BBC reporter Greg Palast provided investigative insight on this and similar situations of corporate corruption, more of which can be found in his book Vulture’s Picnic. He referred to the ‘people’s microphone’ of Occupy Wall Street as the only way to get anything out in America — the only place where his stories never reach the mainstream media.

The people’s mic was opened to all, and one person used it transmit a message from350.org’s Bill McKibbin, who was sorry he could not attend the rally because he was “on the other edge of the continent helping organize in the continuing fight against tar sands, shale gas, and other forms of extreme energy.” “One of the high points of [his] year” included using the human microphone in early October of 2011 to inform Occupy Wall Street about the Washington D.C. protest against Tar Sands. This action ended up being a “small victory in the fight against the Keystone Pipeline [that] simply could not have happened without the support of the Occupy movement.”

McKibbin made further connections encouraging Occupy in the fight for the climate justice and explained, “if we’re going to have any chance of beating global warming, we’re going to need to beat corporate power. Too many of us have been to jail this year already, but I fear many more of us will need to go before this fight ends. We can’t outspend oil companies, so we need a new currency to work in. That’s passion. That’s spirit. That’s creativity. And sometimes, that’s our bodies. We need to spend them wisely using the immense potential power of non-violent resistance” — a primary ethos of Occupy.
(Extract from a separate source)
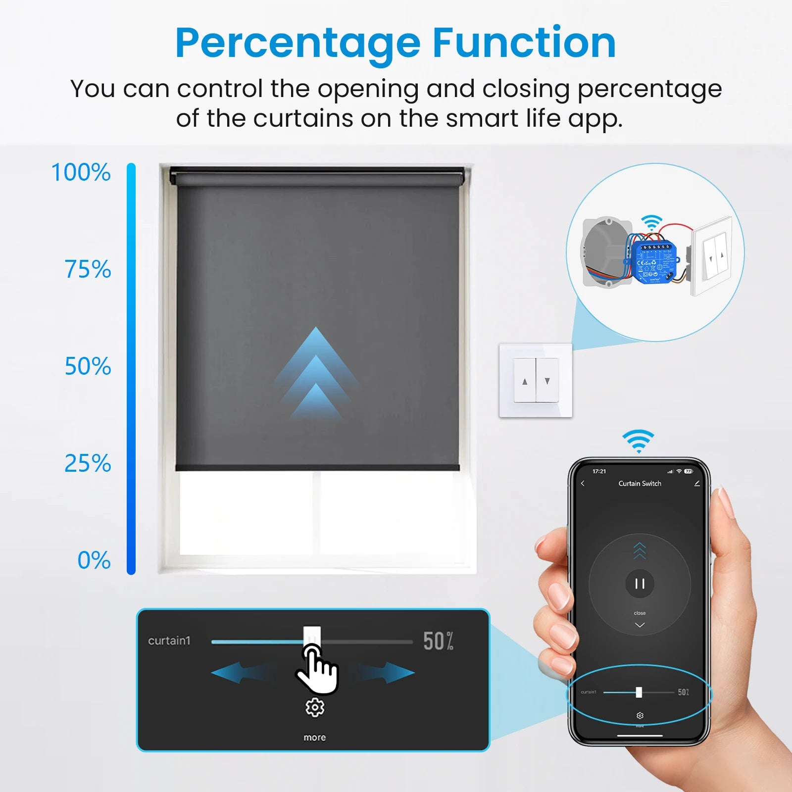 LoraTap Tuya Smart Roller Shutter Curtain Blinds Switch Tubular Motor Percentage Remote Voice Control by Google Home Alexa
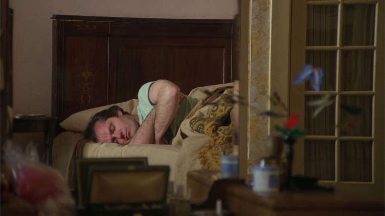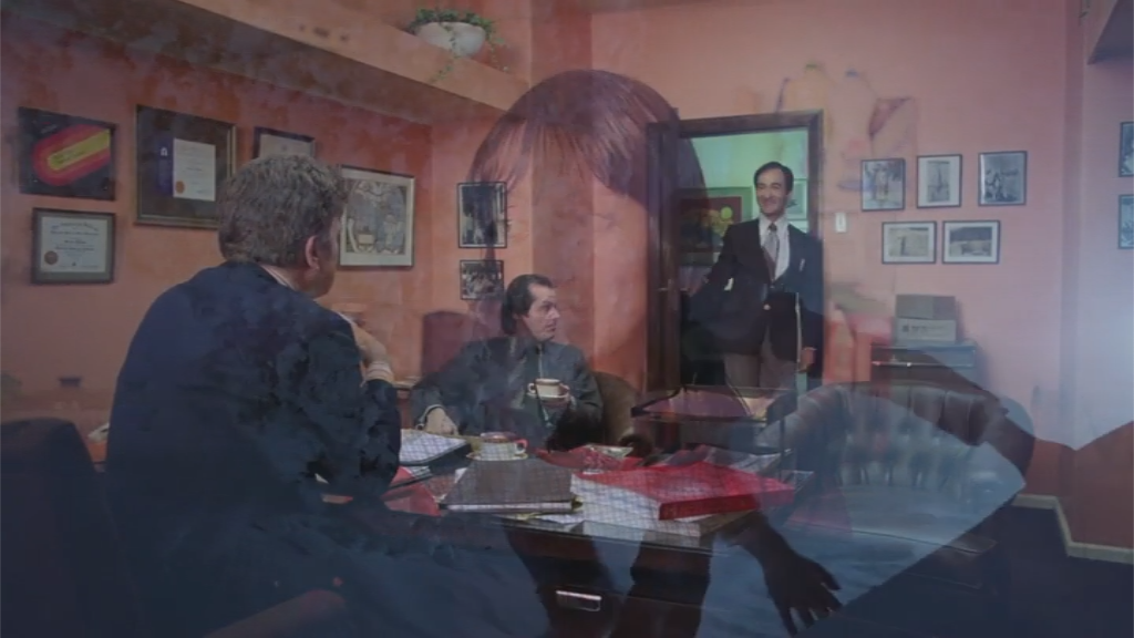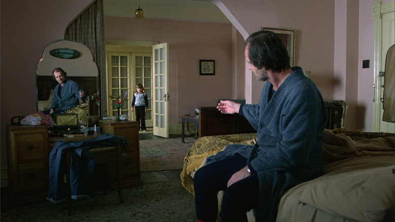 In this moment there’s butterfly imagery on both sides of the film at the same time, forming a triangle. Unless you count bathrobe Jack and mirror bathrobe Jack, in which case it’s a bit of a W.

Chris Williams, who also spoke at last month’s Climate Justice Day and recently published an article on the Durban UNFCCC, encouraged the people to “build the movement here, in this country, in solidarity with the movements in Egypt, Spain, Greece, and now South Africa — because we have a world to win and not much time.”

Other speakers included Alice Slater of the Nuclear Age Peace Foundation, who spoke out against nuclear energy and hydraulic fracturing, JK Canepa of NY Climate Action Group, and Jim Keating of Rainforest Relief who emphasized the role of deforestation in climate change.

The rally participants then marched on to Liberty Square, otherwise known as Zuccotti Park, which was home to Occupy Wall Street until Mayor Michael Bloomberg ordered a raid under a media blackout at 1 AM on November 15th. This all but retracted from the strength of the movement, however, and the Environmentalist Solidarity group analogized this eviction as just a “small reflection of what [the 1% is] doing to our planet. They’re saying, ‘This ain’t your Square! This ain’t your Earth! But we are the 99%. There are a few more of us than them!”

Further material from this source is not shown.